4. Résidence de création

Comme en 2015-2016, trois sessions de travail d’une semaine sont prévues pour que la compagnie se consacre au travail de recherche autour de la création en cours Je hurle, mais tu ne réponds pas. Les périodes de travail se dérouleront sous la forme de laboratoires et chantiers thématiques dont les sujets seront :

– Semaine 1 : le texte et la musique

– Semaine 2 : la manipulation et le texte

– Semaine 3 : le reportage vidéo, premières prises d’images

5. Temps forts, «visite de chantier » et rencontres

Durant les phases de recherches et de répétitions, des « visites de chantier » ont jalonné la résidence 2015-2016 et jalonneront de la même façon la résidence 2016-2017. Deux à quatre fois par semaine de présence de la compagnie au sein du collège, l’équipe de la compagnie rencontrera les élèves de la classe de 4ème pour faire le point sur l’état de leur travail et leur faire part des avancées. En outre des temps de visibilité du travail artistique ouverts à l’ensemble de l’établissement scolaire seront proposés.

Le dispositif de résidence en collège a notamment pour intérêt de conjuguer l’activité de conception d’un spectacle et les rencontres avec les élèves de l’établissement afin de leur présenter régulièrement des éléments du processus de création, tout au long de l’élaboration de l’œuvre.
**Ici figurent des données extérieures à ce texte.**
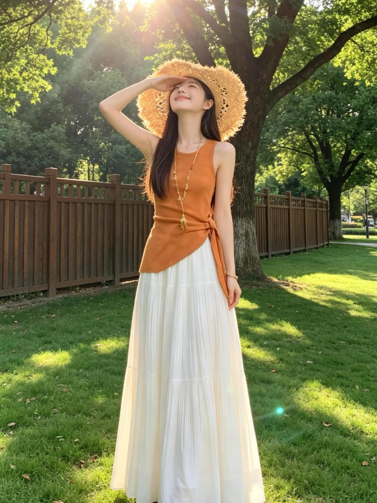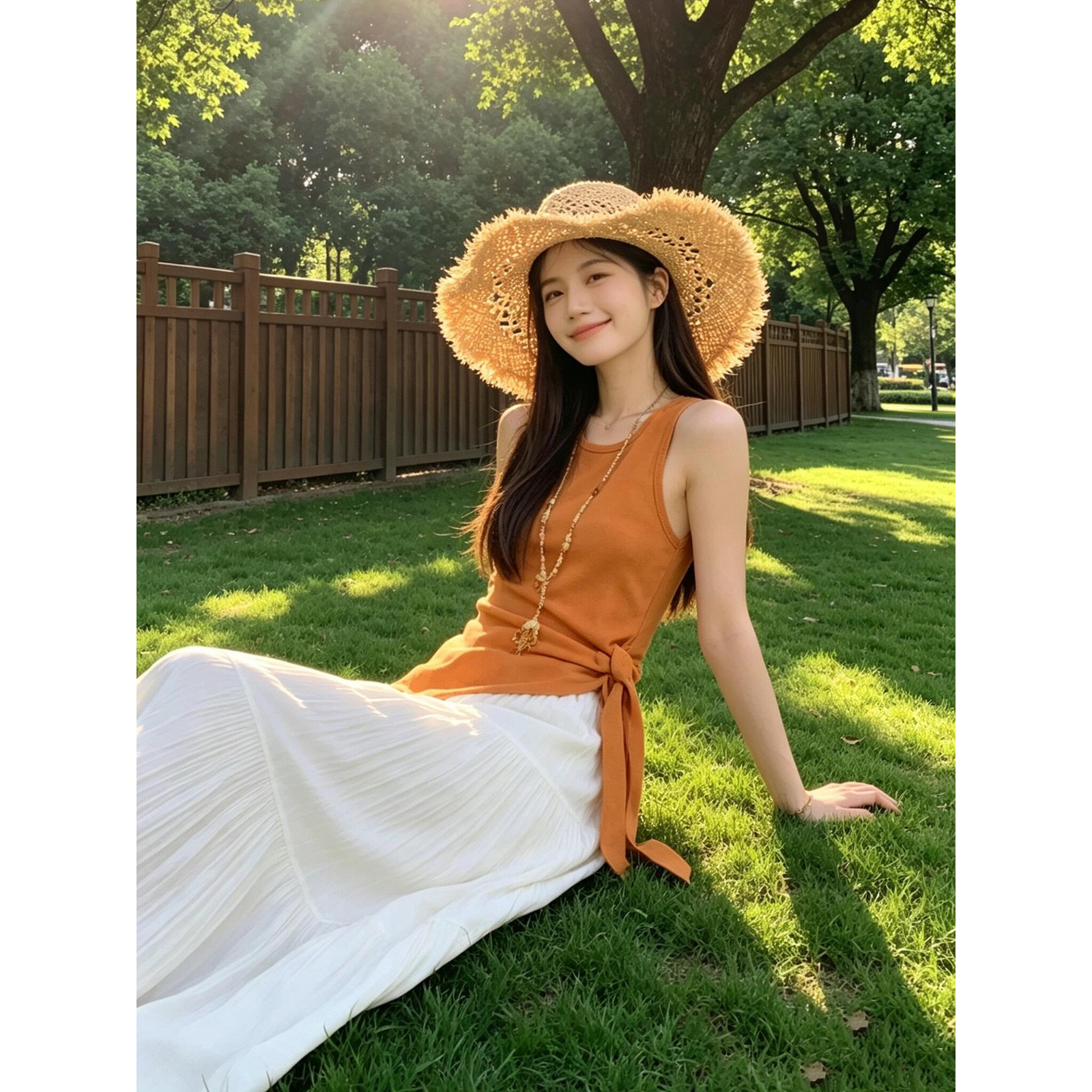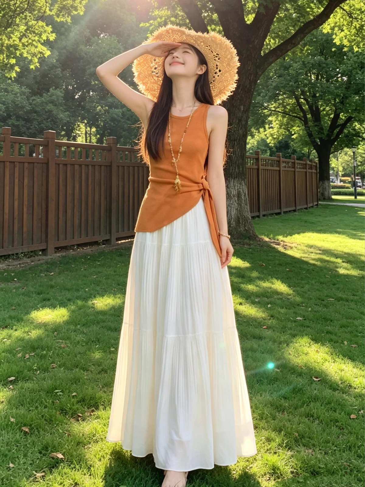 있음 도착 여름 프랑스식 품격 라운드 넥 니트 스웨터 조끼 여성 트임 스트랩 허리 수축 맨위 반신 스커트 여성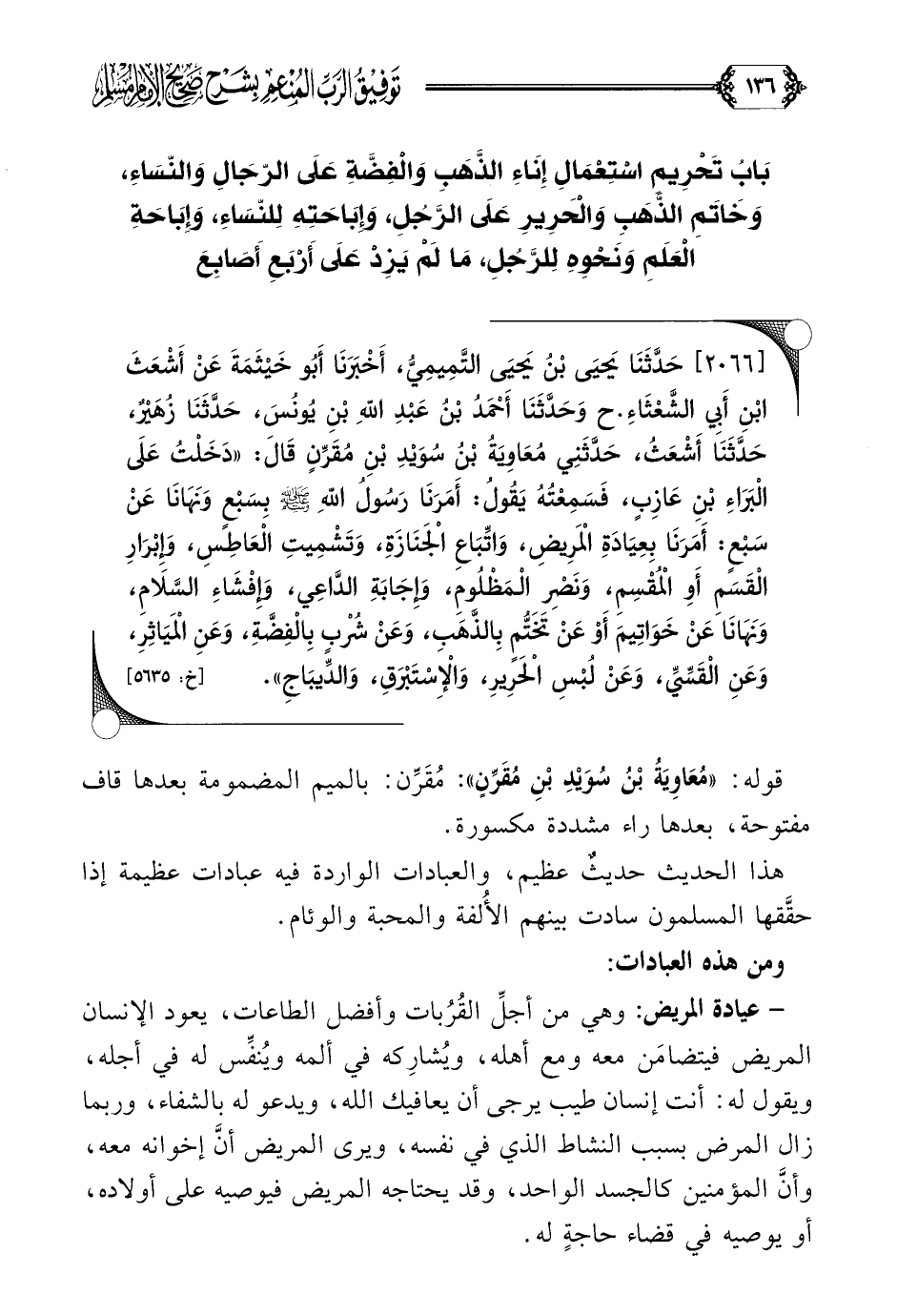 [٢٠٦٦] حَدَّثَنَا يَحيَى بْنُ يَحيَى التَّمِيمِيُّ، أَخْبَرَنَا أَبُو خَيْثَمَةَ عَنْ أَشْعَثَ بْنِ أَبِي الشَّعْثَاءِ. ح وَحَدَّثَنَا أَحْمَدُ بْنُ عَبْدِ اللَّهِ بْنِ يُونُسَ، حَدَّثَنَا زُهَيْرٌ، حَدَّثَنَا أَشْعَثُ، حَدَّثَنِي مُعَاوِيَةُ بْنُ سُوَيْدِ بْنِ مُقَرِّنٍ قَالَ: ((دَخَلْتُ عَلَى الْبَرَاءِ بْنِ عَازِبٍ، فَسَمِعْتُهُ يَقُولُ: أَمَرَنَا رَسُولُ اللَّهِ صلى الله عليه وسلم بِسَبْعٍ وَنَهَانَا عَنْ سَبْعٍ: أَمَرَنَا بِعِيَادَةِ الْمَرِيضِ، وَاتِّبَاعِ الْجَنَازَةِ، وَتَشْمِيتِ الْعَاطِسِ، وَإِبْرَارِ الْقَسَمِ أَوِ الْمُقْسِمِ، وَنَصْرِ الْمَظْلُومِ، وَإِجَابَةِ الدَّاعِي، وَإِفْشَاءِ السَّلَامِ، وَنَهَانَا عَنْ خَوَاتِيمَ أَوْ عَنْ تَخَتُّمٍ بِالذَّهَبِ، وَعَنْ شُرْبٍ بِالْفِضَّةِ، وَعَنِ الْمَيَاثِرِ، وَعَنِ الْقَسِّيِّ، وَعَنْ لُبْسِ الْحَرِيرِ، وَالْإِسْتَبْرَقِ، وَالدِّيبَاجِ)).

A travers ces rencontres fréquentes, les artistes tendent à donner une meilleure compréhension de leur travail et à tisser des liens entre eux et les jeunes spectateurs. Les collégiens prendront ainsi conscience des enjeux d’une création. Au plus près des artistes, ils pénètrent au cœur des ateliers volants, rencontrent costumier, scénographe, régisseur, etc. au moment même de leur recherche créative.

Depuis 2004, le travail de la SoupeCie est impulsé et guidé par Eric Domenicone et Yseult Welschinger, accompagnés de nombreux artistes et techniciens. La singularité première de la compagnie est la marionnette contemporaine. La forme en mouvement et le geste musical constituent le motif initial de ses recherches axées à la fois sur l’intime et sur les rouages de notre société.

Le dossier complet du projet en cliquant ici : La SoupeCie en résidence au collège Duvivier

Professeur Relais : Sophie Gueguen
Contact: Damien Listre : dlistre@lameridienne-luneville.fr / 03 83 76 48 66

 

Benoît Sicat en immersion à l’école maternelle Germain Charier

Association 16 rue de Plaisance / Benoît Sicat
Musique, arts plastiques

 

Benoît Sicat est accueilli de manière privilégiée cette saison à La Méridienne : avant de jouer le spectacle sonore interactif Le Son de la sève et de proposer un atelier parent-enfant durant le festival FACTO, il sera dans les lieux d’accueil de la petite enfance à Lunéville pour l’improvisation vocale et sonore Icilà du 21 au 23 mars 2017.

Dans la continuité du spectacle Le Son de la sève, il sera en immersion dans la cour de l’école maternelle Germain Charier le temps de trois demi-journées afin d’explorer les possibilités de la musique éolienne, ou comment jouer avec l’imprévu et la surprise… Il construira un orgue éolien, ainsi que des arcs pour haubaner l’ensemble, sur lesquels les enfants pourront interagir. Cet instrument en bois fonctionnera de manière autonome grâce à l’énergie du vent, mais pourra également être manipulé directement par les enfants : une structure musicale aléatoire reliant la main de l’homme aux éléments naturels. Cette installation sonore interactive empruntant au land art a pour vocation de circuler de cour d’école en cour d’école au gré des saisons.

Benoît Sicat est un artiste en chemin. Peintures, photographies, spectacles, films, jardins, terriers, lutherie bocagère, improvisation vocale… Il est là toujours où on ne l’attend pas.